After plugging in the Ethernet cable, Aivika should recover the distributed simulation, where the global virtual time will increase again in the Terminal window of the Time Server.

Simulation Results

Whatever cluster you build, however many times you run the simulation, you should always see the same final results if you are using computers of the same architecture. The results are printed in the Terminal window of the master node.

In my case I receive the following results:

The result is (0.6174488980632207,0.6666666666666666)

It is possible thanks to the fact that the distributed simulation model uses pseudo-random generators with the predefined seed.

Finally, on Linux and macOS you can launch another simulation by using the same Time Server and auxiliary nodes, i.e. the slave nodes, and by running a new master node. The slave nodes should be shutdown explicitly, but they will behave like a service for each new simulation. On Windows I recommend to restart all nodes for each new simulation run.

All or Nothing

Unfortunately, the logical processes cannot wait indefinitely long for each other. Therefore, the cluster has an embedded mechanism of self-destruction in case of too long connection errors. We can turn this mechanism off or tune it by specifying the timeout parameters (tsStrategy, tsTimeSyncTimeout, dioStrategy and dioTimeSyncTimeout).

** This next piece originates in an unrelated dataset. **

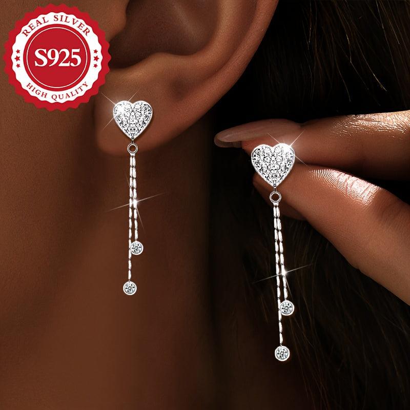 Elegant silver earrings with long tassels and matching studs. Perfect for music and daily wear. Ideal Christmas gift.

By default, if the Time Server cannot receive the modeling time information, at least, from any logical process for 5-6 minutes, then the Time Server terminates. Similarly, if some logical process cannot receive the modeling time information from the Time Server for 5-6 minutes, then that logical process terminates too. So, if some logical process or the Time Server shuts down, then the cluster with default settings will destroy itself, at least, in about 10-12 minutes.

At the same time, we can specify that the processes have to wait indefinitely for each other, but it is recommended to specify the timeout parameters, though. In case of need you can just set them great values.

Thus, when using the default settings, the distributed simulation will either finish returning the final result, or destruct itself exiting by timeout with error code.